[Date Prev][Date Next][Thread Prev][Thread Next][Date Index][Thread Index]
Re: csplit feature request: allow a user to specify which pieces to outp
Re: csplit feature request: allow a user to specify which pieces to output
Wed, 12 Mar 2014 09:22:45 +0000
Mozilla/5.0 (X11; Linux x86_64; rv:17.0) Gecko/20130110 Thunderbird/17.0.2
On 03/12/2014 04:26 AM, Hong Yang wrote:
> If a user is splitting a large file into pieces only to use several of them,
> it will be efficient to just specify the indexes of files to output.
> Take an extreme case for example. "a_large_file" has 12823371193 lines.

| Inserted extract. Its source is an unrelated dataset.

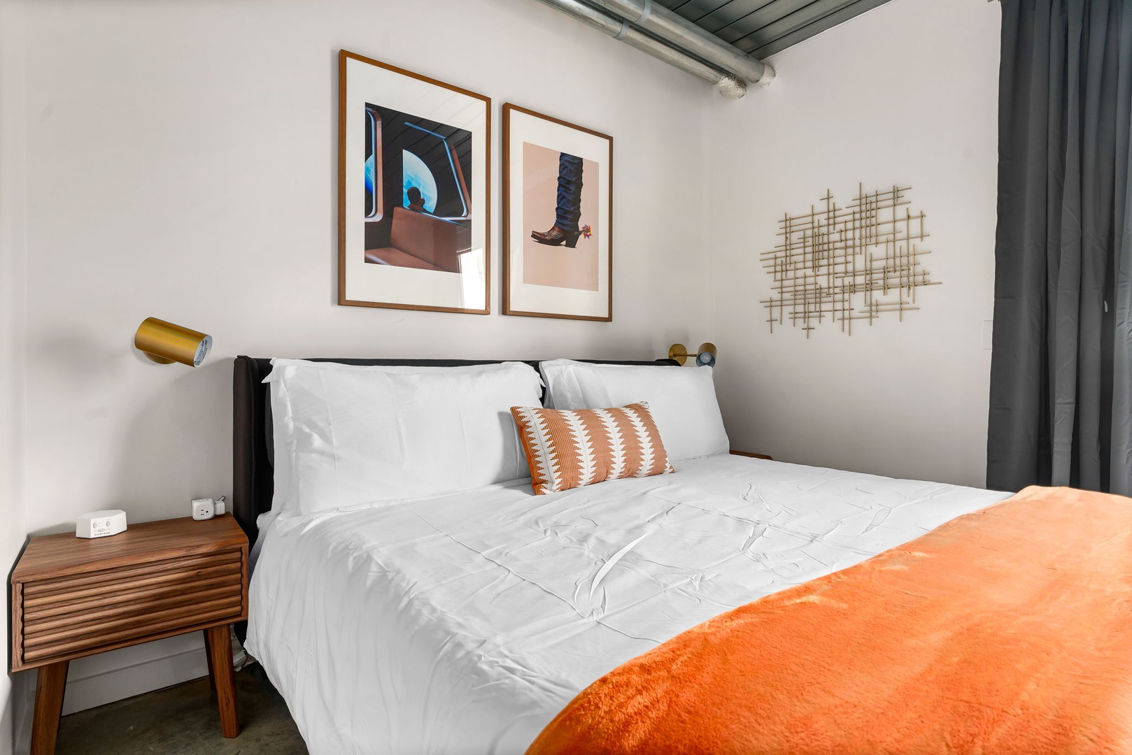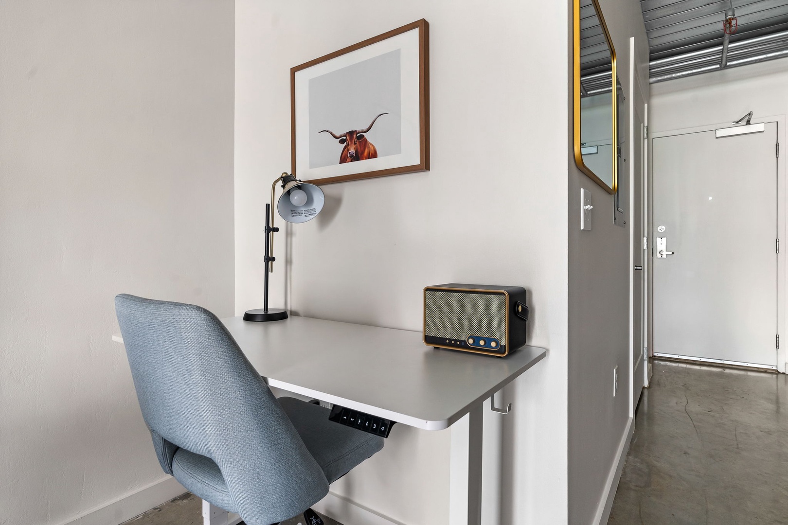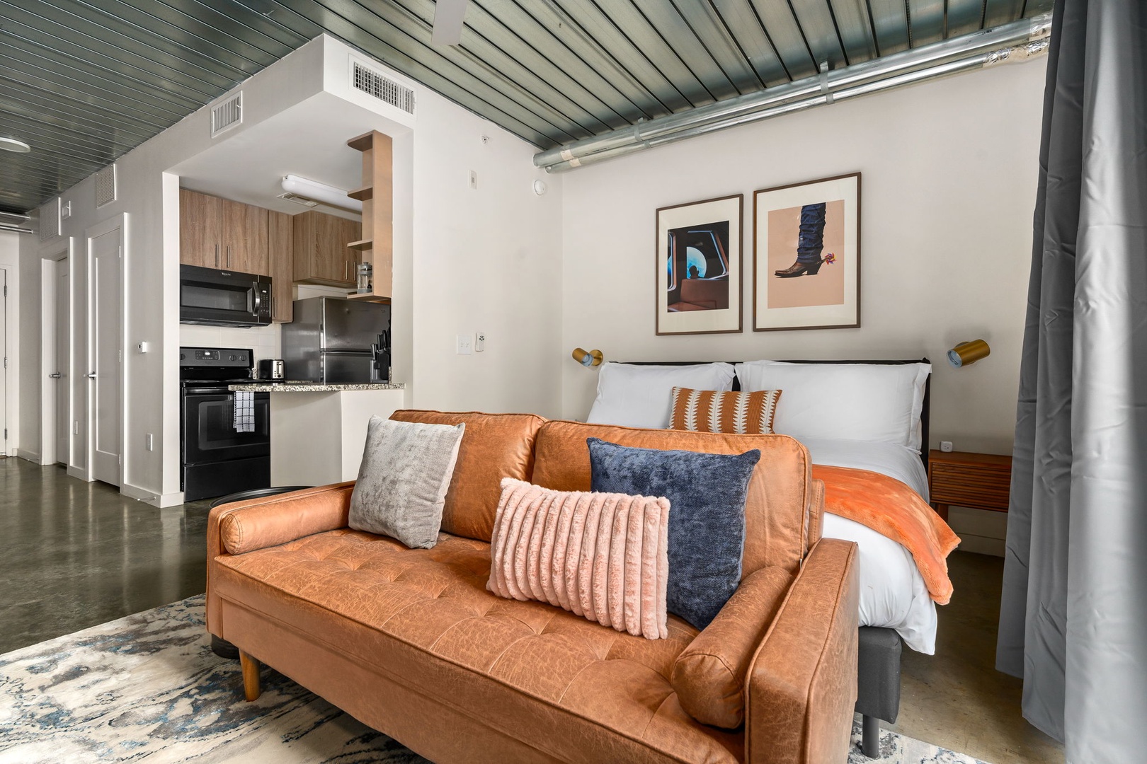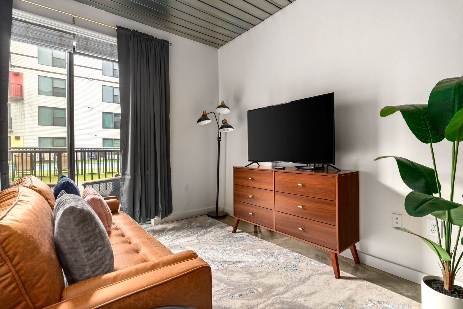 Welcome to Lodgeur at Mid Main Lofts! This trendy apartment community is in the heart of Midtown, Houston’s most walkable neighborhood. There are dozens of bars and restaurants on your doorstep and a METRORail station (3 stops to the Texas Medical Center or Downtown). This 4th-floor furnished studio apartment (512 SF) is perfect for short and extended stays, featuring a fully-equipped kitchen, washer/dryer, and a workspace with fast WiFi. Onsite, there’s free parking, a pool, and a 24/7 gym.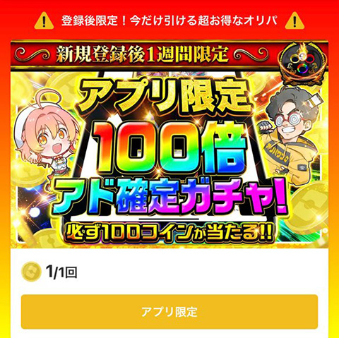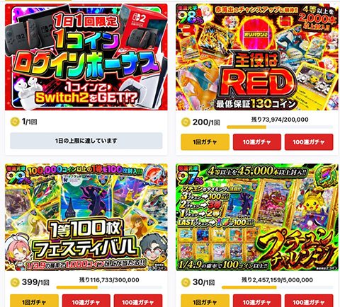 初回限定ガチャやログボは1コインで回せるのでオリパは当たりにくいものの、還元率はかなり高めなので必ず引いてください!

> "csplit a_large_file 823371193 823371293" will have three output files: xx00
> with 823371192 lines, xx01 with 100 lines, and xx02 with the rest. If a user
> is only interested in xx01, it will be desirable to do "csplit a_large_file
> 823371193 823371293 -o 1."
So this is a borderline one.
Functionally it is useful as it can avoid redundant
processing and storage.
split(1) has a similar feature in that one can use -n K/N
to split the Kth item out of N. It doesn't support -o N,
to select an arbitrary chunk based on size, as that can be done
for single chunks with dd.
If we were to implement for csplit, we'd probably implement
for split also, and support specifying multiple (disjoint) chunks.
However given it is only a performance feature and I'm thinking not
a common use case, I'm 60:40 against implementing it.